Given the team won’t be playing home games in Toronto at least to begin the season and is still based out of Dunedin, then what for the AA- and A-ball prospects?
With reduced minor league affiliates in Buffalo, New Hampshire, Vancouver and Dunedin, perhaps only the Low-A players at Dunedin would be impacted? As Jays Journal co-editor Clayton Richer noted recently,
"Dunedin will become their Low-A affiliate as the team cuts their farm down from six to four teams as part of the MLB revamping."
Presumably the Jays Triple-A players can move to Buffalo for a regular start to the Bisons’ season, so would that preclude Sahlen Field as a potential home park for the Blue Jays?
And what does this mean for top prospects like Austin Martin, Jordan Groshans, Simeon Woods Richardson, Alek Manoah, Orelvis Martinez and Gabriel Moreno?
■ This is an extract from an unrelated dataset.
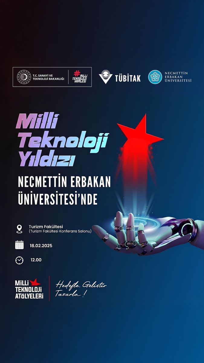 Ülkemizin Milli Teknoloji Hamlesi hedefleri doğrultusunda, TÜBİTAK Milli Teknoloji Atölyeleri kapsamında gençlere üretim kültürü kazandırmak ve öğrencilerimizin hayallerini, fikirlerini ve projelerini hayata geçirmelerine imkân sağlamak amacıyla üniversitemizde kurulan Milli Teknoloji Atölyesi için Turizm Fakültesi bünyesinde Tanıtım Semineri düzenlenecektir.

I’m assuming Nate Pearson, Thomas Hatch, Julian Merryweather and Alejandro Kirk will be sticking with the big club anyways, but does the next rung of top prospects get assigned to Triple-A so they can get developmental time and coaching if the big Jays remain in Dunedin?
Presumably there won’t be a development or taxi squad at an alternate site like last year, so what can the one MLB team without a home do to resolve this dilemma?